The most groundbreaking work is happening in vaccine research, particularly considering the Moderna vaccine. “If it works, it will be a first of its class,” Sawyer says. “It’s very different. It’s actually injecting people with an mRNA.”
Even if this specific vaccine (out of dozens in development) fails to change the course of this pandemic, it is advancing scientific understanding. With traditional vaccines, including many aimed at COVID-19, the active ingredient is an inactivated or weakened virus, or part of one. The Moderna vaccine instead injects mRNA, a type of genetic information, in a transport vessel that will get it all the way into a few cells. Once the mRNA is there, our body’s cells read the instructions from the mRNA and create coronavirus surface proteins.
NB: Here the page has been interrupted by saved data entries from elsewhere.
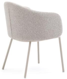 KIMO Stuhl mit Armlehnen aus beigen Chenille und beigen Metallbeinen Designer Sessel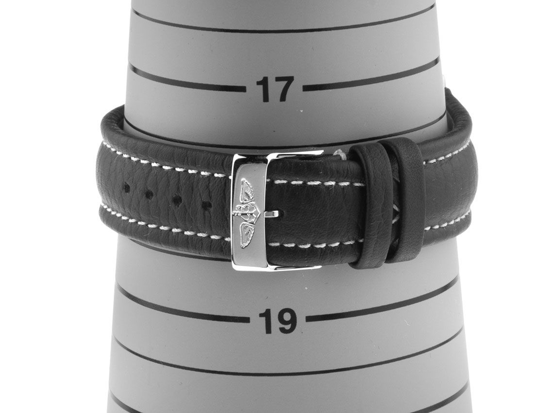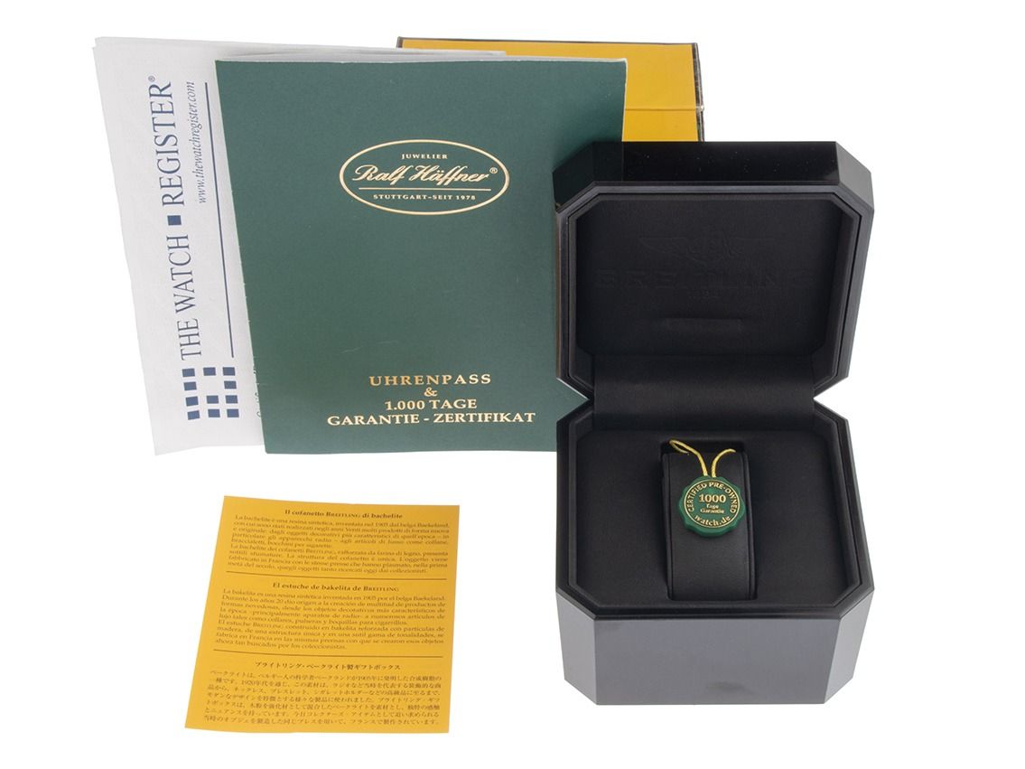 Boîtier en acier inoxydable satiné, diamètre du boîtier sans couronne 40mm, hauteur du boîtier 14,5mm. Lunette en acier poli et satiné avec échelle de 60 minutes et rehauts en or jaune, unidirectionnelle avec verrouillage. Bracelet en cuir noir avec surpiqûre, largeur de corne 20mm, boucle ardillon en acier inoxydable avec logo du fabricant. Cadran noir avec index en or jaune appliqués et aiguilles en or jaune ainsi que sous-cadrans en or jaune. Mouvement automatique, chronographe. Affichage des heures et des minutes par aiguilles centrales, petite seconde avec stop-seconde pour un réglage précis de l'heure à 9 heures, affichage de la date avec réglage rapide à 3 heures. Verre saphir bombé et courbé. Couronne en forme d'oignon vissée avec protection. Fond en acier inoxydable vissé et gravé. Poids de la montre avec bracelet 89g, longueur du bracelet avec boîtier 145 - 185mm, voir image numéro 8. Numéro de référence : B13047, numéro de boîtier : 70XXX, ID : P287526000426HW-4900, numéro d'article : 10000085584. Boîte Breitling d'origine ainsi qu'un extrait du Watch Register d'avril 2026, certificat The Watch Register / sans inscription (base de données internationale pour montres perdues ou volées). Super affaire, pièce de collection très rare. Original non poli, peut être remis en état gratuitement sur demande. Délai de livraison immédiat.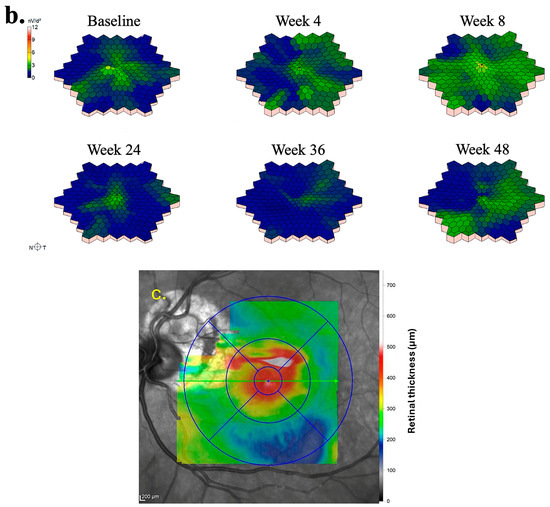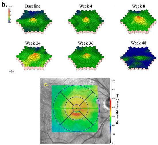 The mfERG findings pertaining to the left eye of Subject 003 are summarized in Figure 3. Temporal regions of individual hexagon responses revealed both improvements and regressions at Week 4 with moderate noise in rings 1 and 2, attributable to persistent central edema (Figure 3a). At Week 8, numerous regions exhibited improvement, including the superior and inferior macular. As mentioned previously, this subject experienced severe cystic edema following Week 8, necessitating the usage of rescue aflibercept treatments at Weeks 24 and 36. Accordingly, responses at Week 24 declined in similar regions to those that improved at Week 8. By Week 36, the cystic edema became more widespread, leading to predominantly low waveforms. Following rescue treatments, superior and inferior mfERG responses rebounded as the edema improved, becoming primarily localized to foveal regions at Week 48. Three-dimensional topographies demonstrated a similar trend to trace arrays with improved responses up to Week 8, as well as severely regressed topographies at Weeks 24 and 36 (Figure 3b). At baseline, the foveal and parafoveal regions exhibited the most significant edema, which consistently correlated with noise throughout subsequent visits (Figure 3c).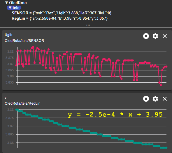 Pomiar jaki przedstawiono na wykresie pochodził bezpośrednio z ADC jaki posiada wewnętrznie ESP8266 (pin A0). Bez matematycznej metody najmniejszych kwadratów funkcjonowanie projektu testera wypadało marnie. Po zastosowaniu układu ADS1115 otrzymałem rewelacyjnie dokładne i gładkie pomiary napięcia jak z najlepszego multimetru laboratoryjnego. Co ważne driver tego układu zawarty w firmware LUA ma kalibrację i daje odczyty bezpośrednio w mV.
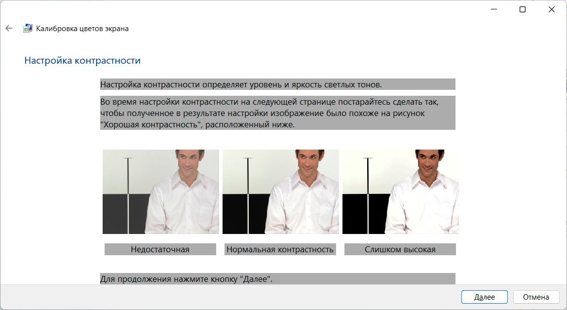Переходим к яркости. Советуем НЕ «Пропускать регулировку яркости и контрастности». Попробуйте их настроить, для этого жмите «Далее»;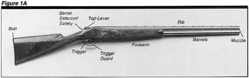 In conventional gun terminology the position and movement of gun parts are described as they occur with the gun horizontal and in normal firing position; i.e., the muzzle is forward or in front; the buttstock is rearward or to the rear; the trigger is downward or underneath; the sights are upward or on top. For more detailed terminology, see Figures 1A and 1B. Note: While this manual primarily discusses Super­posed B-25 and B-125 shotguns, assembly, disas­sembly, and general operational instructions also apply to Browning Express Rifles.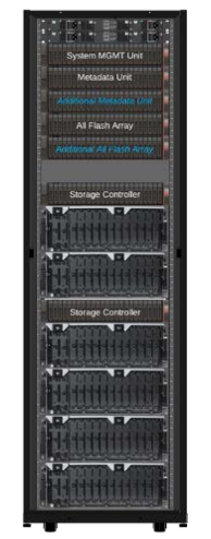 The all HDD configuration is used mainly for large sequential I/O and modeling and simulation. The base rack provides up to 90 GB/s read and write up to approximately 7.5 PB of usable capacity, depending on the HDD capacity used. The expansion rack provides up to 120 GB/s read and write up to 10PB of usable capacity, depending on the HDD capacity used.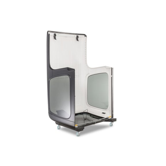 Thick solid wood and steel construction for sturdy quality that really lasts. Indoor/outdoor carpeting is rugged yet soft to protect the finish on your Jeep®. Developed specifically for all CJ and Wrangler hardtops so it will fit perfectly and securely! Superb design stores top in a vertical position saving space around the garage or shop. Wheels glide the top to any area of the garage or shop with one hand! Purchase our Deluxe Hardtop Rear Liftgate Retainer Bar to avoid damage to the gate and glass. This clever device keeps the rear liftgate window from opening while positioning a top onto the cart saving time and aggravation.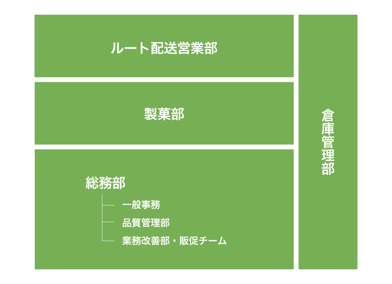 「ルート配送営業部」「製菓部」「総務部」

The proteins are transported to the cell surface, where it triggers the immune response needed to provide continuing protection.
“It’s really important to highlight that there are some reasons to be excited about this approach, and there are also some reasons to be wary,” Sawyer says. “This is a vaccine where it’s actually designed to fuse with our cells and to enter some number of our cells in order for it to work.”
Tired as we may be of hearing the term unprecedented applied to the past year, medical research truly leaped at the many challenges of 2020. Researchers adapted and learned and expanded with unprecedented speed. Between the time the first copy of this issue rolls off the press in early November and meets your eyes in early December, countless new developments are likely to have occurred — for better or worse. No matter what happens, one thing is certain: The world needs science to deliver.